Task directions: Word for word, write the records out again, but omit each picture.

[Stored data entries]
****************

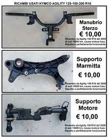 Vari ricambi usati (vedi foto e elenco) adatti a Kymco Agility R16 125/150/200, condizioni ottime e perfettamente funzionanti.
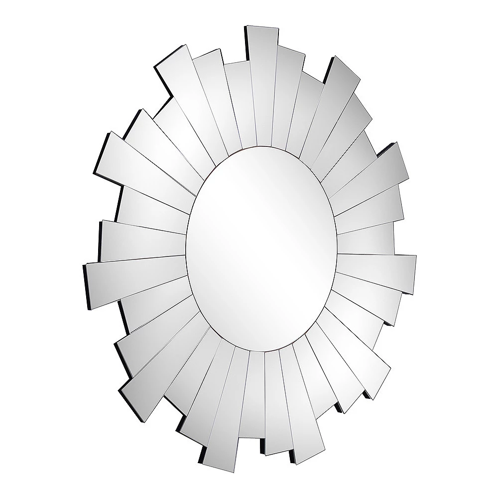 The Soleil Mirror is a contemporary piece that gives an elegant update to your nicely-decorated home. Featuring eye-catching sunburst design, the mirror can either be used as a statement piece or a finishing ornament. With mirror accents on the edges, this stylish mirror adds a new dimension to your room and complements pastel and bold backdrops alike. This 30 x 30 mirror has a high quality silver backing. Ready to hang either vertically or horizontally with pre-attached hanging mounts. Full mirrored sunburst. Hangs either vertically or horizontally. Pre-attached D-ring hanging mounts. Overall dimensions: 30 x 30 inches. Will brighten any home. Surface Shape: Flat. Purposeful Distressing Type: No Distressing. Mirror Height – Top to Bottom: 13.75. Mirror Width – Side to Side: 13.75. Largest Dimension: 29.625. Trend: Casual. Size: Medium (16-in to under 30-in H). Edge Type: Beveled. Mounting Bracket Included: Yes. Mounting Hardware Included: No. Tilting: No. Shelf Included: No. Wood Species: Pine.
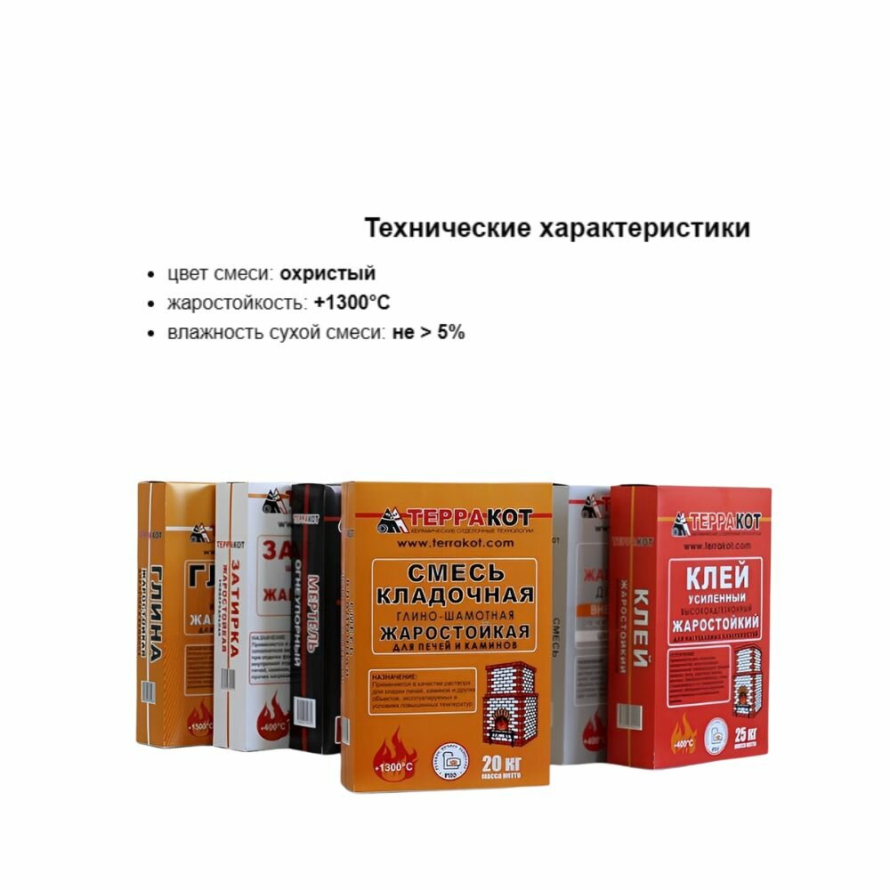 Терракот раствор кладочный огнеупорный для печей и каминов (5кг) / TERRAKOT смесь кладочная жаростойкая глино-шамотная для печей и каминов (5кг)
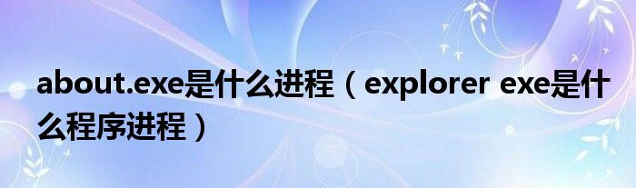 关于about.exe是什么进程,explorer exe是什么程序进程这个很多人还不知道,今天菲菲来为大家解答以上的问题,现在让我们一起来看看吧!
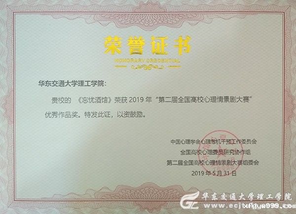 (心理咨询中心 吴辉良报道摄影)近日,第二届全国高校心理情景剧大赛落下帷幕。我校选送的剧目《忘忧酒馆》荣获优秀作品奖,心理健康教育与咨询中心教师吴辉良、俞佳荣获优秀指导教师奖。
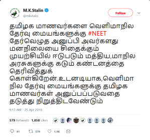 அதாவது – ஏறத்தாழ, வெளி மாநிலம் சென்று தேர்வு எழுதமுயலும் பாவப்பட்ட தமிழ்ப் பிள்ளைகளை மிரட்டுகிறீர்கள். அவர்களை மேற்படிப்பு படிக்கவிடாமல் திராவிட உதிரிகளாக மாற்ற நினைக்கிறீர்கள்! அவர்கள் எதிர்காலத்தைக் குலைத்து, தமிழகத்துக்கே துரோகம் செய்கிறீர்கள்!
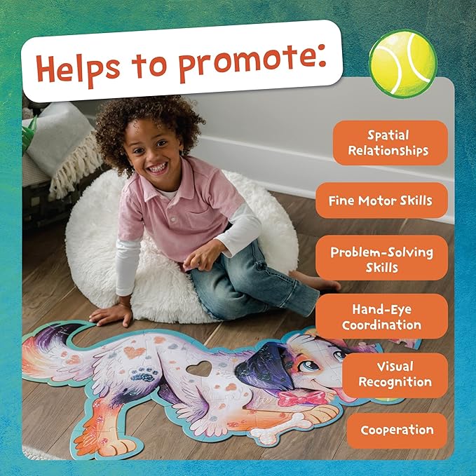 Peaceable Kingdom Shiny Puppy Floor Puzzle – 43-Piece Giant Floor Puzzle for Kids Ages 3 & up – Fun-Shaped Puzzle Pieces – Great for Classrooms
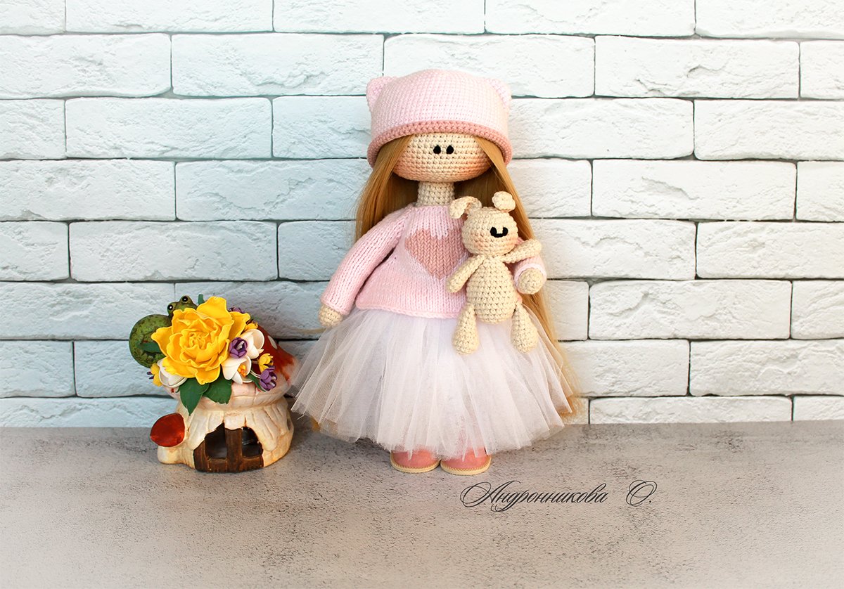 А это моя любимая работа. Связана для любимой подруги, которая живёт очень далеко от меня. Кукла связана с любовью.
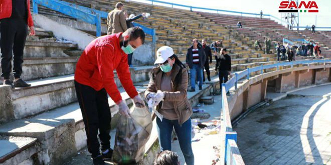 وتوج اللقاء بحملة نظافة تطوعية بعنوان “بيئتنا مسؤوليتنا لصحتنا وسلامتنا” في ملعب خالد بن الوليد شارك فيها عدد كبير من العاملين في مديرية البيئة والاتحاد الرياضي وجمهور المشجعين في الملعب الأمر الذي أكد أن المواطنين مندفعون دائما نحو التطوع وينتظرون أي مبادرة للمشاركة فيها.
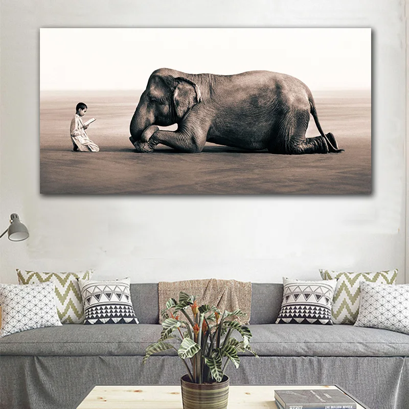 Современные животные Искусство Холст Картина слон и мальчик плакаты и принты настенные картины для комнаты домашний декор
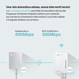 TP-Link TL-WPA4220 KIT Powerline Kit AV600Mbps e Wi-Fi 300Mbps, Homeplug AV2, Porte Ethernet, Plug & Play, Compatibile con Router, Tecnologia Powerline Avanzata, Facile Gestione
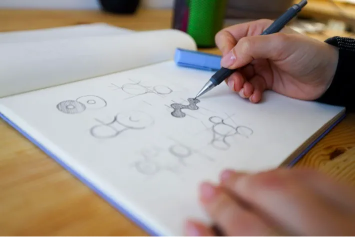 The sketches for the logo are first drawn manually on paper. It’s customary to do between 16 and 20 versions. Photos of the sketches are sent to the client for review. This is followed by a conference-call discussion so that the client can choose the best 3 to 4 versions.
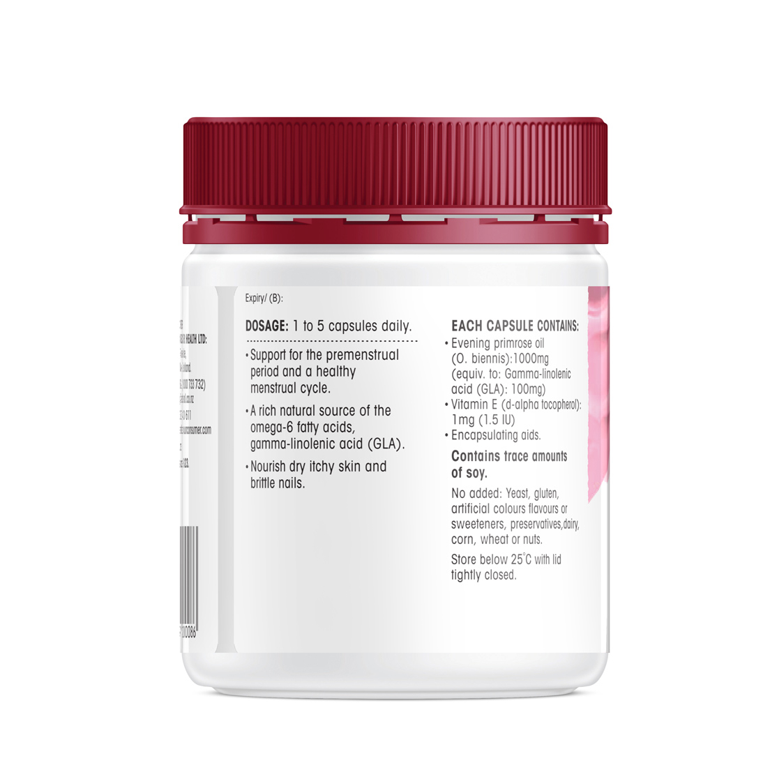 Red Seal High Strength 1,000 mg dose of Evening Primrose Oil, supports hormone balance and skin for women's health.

****************

Output of the task:
 Vari ricambi usati (vedi foto e elenco) adatti a Kymco Agility R16 125/150/200, condizioni ottime e perfettamente funzionanti.
 The Soleil Mirror is a contemporary piece that gives an elegant update to your nicely-decorated home. Featuring eye-catching sunburst design, the mirror can either be used as a statement piece or a finishing ornament. With mirror accents on the edges, this stylish mirror adds a new dimension to your room and complements pastel and bold backdrops alike. This 30 x 30 mirror has a high quality silver backing. Ready to hang either vertically or horizontally with pre-attached hanging mounts. Full mirrored sunburst. Hangs either vertically or horizontally. Pre-attached D-ring hanging mounts. Overall dimensions: 30 x 30 inches. Will brighten any home. Surface Shape: Flat. Purposeful Distressing Type: No Distressing. Mirror Height – Top to Bottom: 13.75. Mirror Width – Side to Side: 13.75. Largest Dimension: 29.625. Trend: Casual. Size: Medium (16-in to under 30-in H). Edge Type: Beveled. Mounting Bracket Included: Yes. Mounting Hardware Included: No. Tilting: No. Shelf Included: No. Wood Species: Pine.
 Терракот раствор кладочный огнеупорный для печей и каминов (5кг) / TERRAKOT смесь кладочная жаростойкая глино-шамотная для печей и каминов (5кг)
 关于about.exe是什么进程,explorer exe是什么程序进程这个很多人还不知道,今天菲菲来为大家解答以上的问题,现在让我们一起来看看吧!
 (心理咨询中心 吴辉良报道摄影)近日,第二届全国高校心理情景剧大赛落下帷幕。我校选送的剧目《忘忧酒馆》荣获优秀作品奖,心理健康教育与咨询中心教师吴辉良、俞佳荣获优秀指导教师奖。
 அதாவது – ஏறத்தாழ, வெளி மாநிலம் சென்று தேர்வு எழுதமுயலும் பாவப்பட்ட தமிழ்ப் பிள்ளைகளை மிரட்டுகிறீர்கள். அவர்களை மேற்படிப்பு படிக்கவிடாமல் திராவிட உதிரிகளாக மாற்ற நினைக்கிறீர்கள்! அவர்கள் எதிர்காலத்தைக் குலைத்து, தமிழகத்துக்கே துரோகம் செய்கிறீர்கள்!
 Peaceable Kingdom Shiny Puppy Floor Puzzle – 43-Piece Giant Floor Puzzle for Kids Ages 3 & up – Fun-Shaped Puzzle Pieces – Great for Classrooms
 А это моя любимая работа. Связана для любимой подруги, которая живёт очень далеко от меня. Кукла связана с любовью.
 وتوج اللقاء بحملة نظافة تطوعية بعنوان “بيئتنا مسؤوليتنا لصحتنا وسلامتنا” في ملعب خالد بن الوليد شارك فيها عدد كبير من العاملين في مديرية البيئة والاتحاد الرياضي وجمهور المشجعين في الملعب الأمر الذي أكد أن المواطنين مندفعون دائما نحو التطوع وينتظرون أي مبادرة للمشاركة فيها.
 Современные животные Искусство Холст Картина слон и мальчик плакаты и принты настенные картины для комнаты домашний декор
 TP-Link TL-WPA4220 KIT Powerline Kit AV600Mbps e Wi-Fi 300Mbps, Homeplug AV2, Porte Ethernet, Plug & Play, Compatibile con Router, Tecnologia Powerline Avanzata, Facile Gestione
 The sketches for the logo are first drawn manually on paper. It’s customary to do between 16 and 20 versions. Photos of the sketches are sent to the client for review. This is followed by a conference-call discussion so that the client can choose the best 3 to 4 versions.
 Red Seal High Strength 1,000 mg dose of Evening Primrose Oil, supports hormone balance and skin for women's health.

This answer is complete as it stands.